Pointing out that the management of microfinance banks (MFBs) must invest in training to ensure that their banks survive, Ezema noted that most fail to do so because they don’t understand the microfinance concepts.

“For any organisation, particularly MFBs, to survive, it must invest in training and retraining of its staff because microfinancing is a new concept in Nigeria which most of the key operators don’t understand.

“Most of the management staff of MFBs were former staff of mega banks, so we thought that we would be doing basically the same things that we did, but we found out that both are not the same.”

Ezema urged MFB operators to make training compulsory for all staff, stating that it is the key in turning around the sector.
“Training of management and staff has no alternative and that is why the CBN is insisting that key officers in all MFBs must be certified.

“At company level, we start our staff with training on the basics of microfinancing. Last year, we budgeted N500,000 for training, though we exceeded it. Personally, I went to Nnamdi Azikiwe University for a one-week course on microcredit and that has resulted in a paradigm shift in our operations because of what I learnt there.”

Also stressing the importance of training to the development of the MFB sector, the training committee chairman, Lagos State chapter of the National Association of Microfinance Banks, Mr. Rufus Oluyole, recently pointed inadequate manpower as bane to the progress of the MFB.

Oluyole said the problems of inadequate manpower and low quality of staff in the MFB sector have made it difficult for the staff to keep their records straight.

“Inadequate manpower in terms of quality staff affects staff’s performance, making it difficult for them to keep proper records. Some of them don’t know how to monitor loans, so we have situations where they give loans without proper appraisals.”

Oluyole pointed out that in light of this, the association is organizing a capacity building workshop for directors, chairmen, managing directors and staffers of MFBs to train them on proper corporate governance, credit and marketing, bank operations, among other issues bordering on microfinancing.Oluyole emphasized that the training will be on capacity building so as to teach them manage their portfolios.
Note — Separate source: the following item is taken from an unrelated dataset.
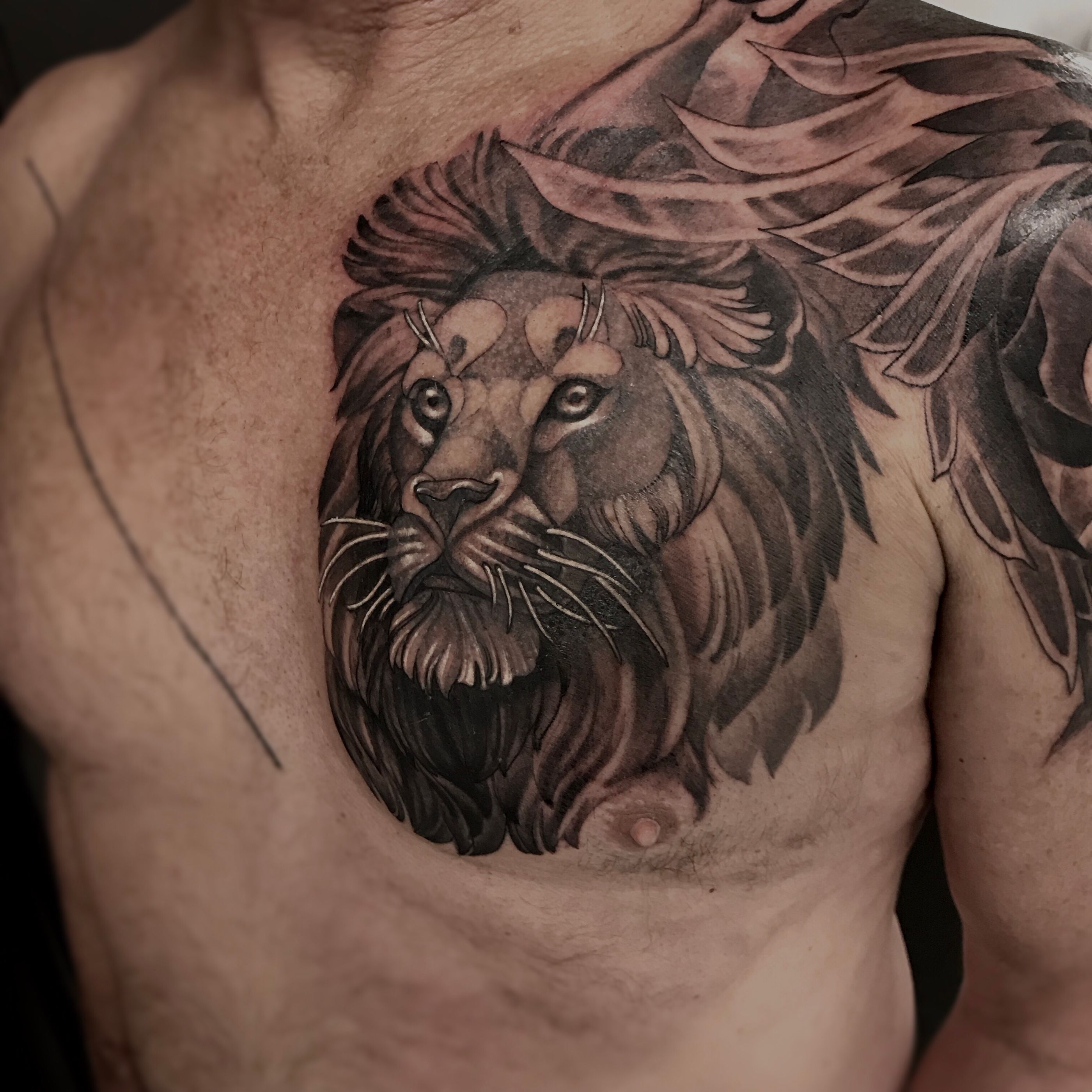 Lion chest piece with dragon on shoulder . #liontattoo #lion #neotrad #illustration
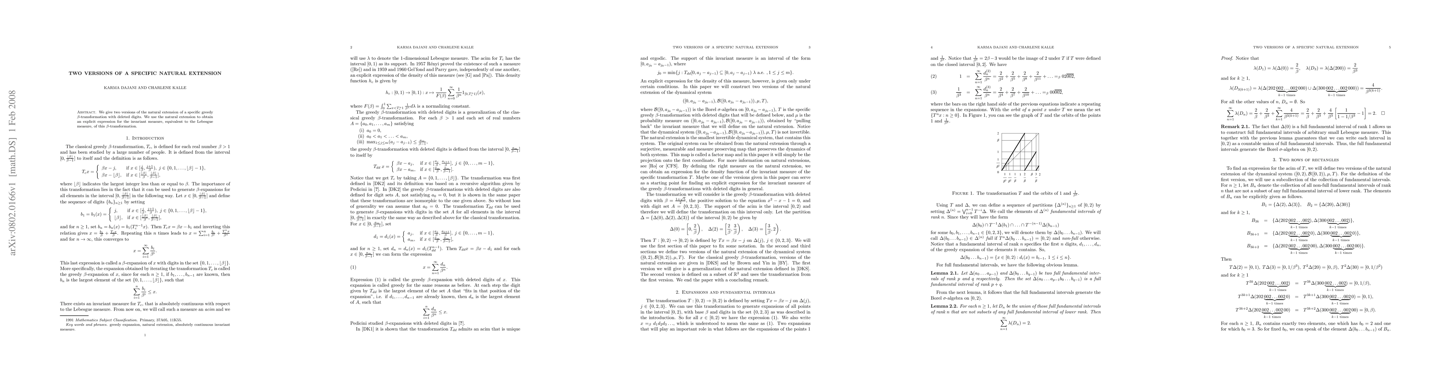 We give two versions of the natural extension of a specific greedy beta-transformation with deleted digits. We use the natural extension to obtain an explicit expression for the invariant measure, equivalent to the Lebesgue measure, of this beta-transformation.

“The training is not as a result of the liquidity crisis. There are so many factors that are responsible for the training, including the internal and external risk management. If people are able to comply with the regulations and they know how to monitor their bank positioning, it will go a long way in helping us. This training is hinged on capacity building so that people will know how to prepare proper returns, manage their portfolios, among others.”